Provided records:
══════════
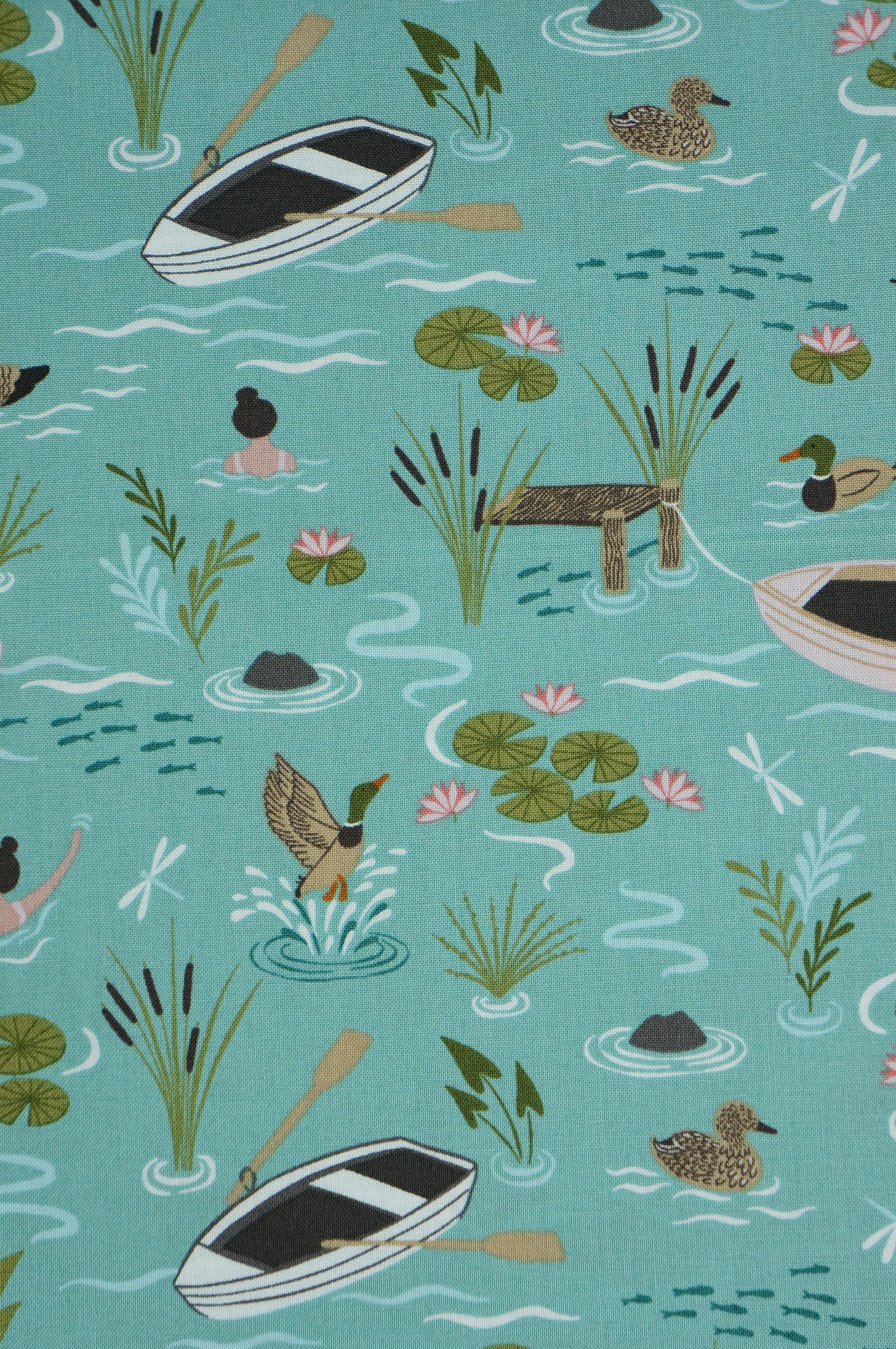 If you love the lake life, you'll adore this fabric! Lake Life Fabric is a quilting cotton fabric that features a charming print of people and animals enjoying a dip in the lake on a sunny day. The blue green color is bright and cheerful, perfect for creating quilts, pillows, bags, and more. Lake Life Fabric is part of the A Dip in the Lake collection by Lewis and Irene, a family-run British company that designs high-quality fabrics with a touch of whimsy. Order yours today and bring some lake life into your home!
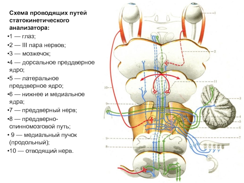 Слайд 34Схема проводящих путей статокинетического анализатора:
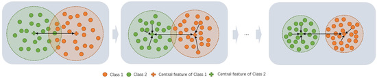 - The class space compression sub-module: In order to realize the recognition of unknown electromagnetic signals by separating the known and unknown electromagnetic signal category feature spaces more accurately, we introduced the center loss to compress the feature space of the known electromagnetic signal target, and expanded the feature space of the unknown electromagnetic signal target based on the well-established feature center of known categories. The feature space range of unknown electromagnetic signal categories can be improved by constraining the inter-class dispersion and intra-class compactness, which could be beneficial in improving the classification performance.
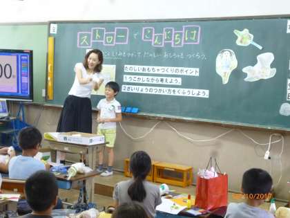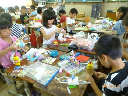 図工では,「ストローでこんにちは」という学習をしました。前回の授業では,紙コップとストローを使って,動く仕組みを作りました。今日は,その仕組みを動かしながら,飾り付けをし,絵を描いていきました。ビーズやモールなどの材料も工夫して,つけていました。一人一人集中して,楽しく作っていました。片付けなども素早く行うことができ,すばらしかったです。
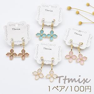 エポフラワーイヤリング 3mm石付 ネジバネ式イヤリング 4弁花【1ペア】
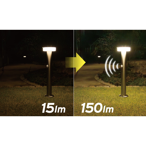 周囲が暗くなると自動点灯し、人が近づくとさらに明るく点灯するセンサー機能付き。
══════════
Repeat the listing verbatim. Skip the pictures.

 If you love the lake life, you'll adore this fabric! Lake Life Fabric is a quilting cotton fabric that features a charming print of people and animals enjoying a dip in the lake on a sunny day. The blue green color is bright and cheerful, perfect for creating quilts, pillows, bags, and more. Lake Life Fabric is part of the A Dip in the Lake collection by Lewis and Irene, a family-run British company that designs high-quality fabrics with a touch of whimsy. Order yours today and bring some lake life into your home!
 Слайд 34Схема проводящих путей статокинетического анализатора:
 - The class space compression sub-module: In order to realize the recognition of unknown electromagnetic signals by separating the known and unknown electromagnetic signal category feature spaces more accurately, we introduced the center loss to compress the feature space of the known electromagnetic signal target, and expanded the feature space of the unknown electromagnetic signal target based on the well-established feature center of known categories. The feature space range of unknown electromagnetic signal categories can be improved by constraining the inter-class dispersion and intra-class compactness, which could be beneficial in improving the classification performance.
 図工では,「ストローでこんにちは」という学習をしました。前回の授業では,紙コップとストローを使って,動く仕組みを作りました。今日は,その仕組みを動かしながら,飾り付けをし,絵を描いていきました。ビーズやモールなどの材料も工夫して,つけていました。一人一人集中して,楽しく作っていました。片付けなども素早く行うことができ,すばらしかったです。
 エポフラワーイヤリング 3mm石付 ネジバネ式イヤリング 4弁花【1ペア】
 周囲が暗くなると自動点灯し、人が近づくとさらに明るく点灯するセンサー機能付き。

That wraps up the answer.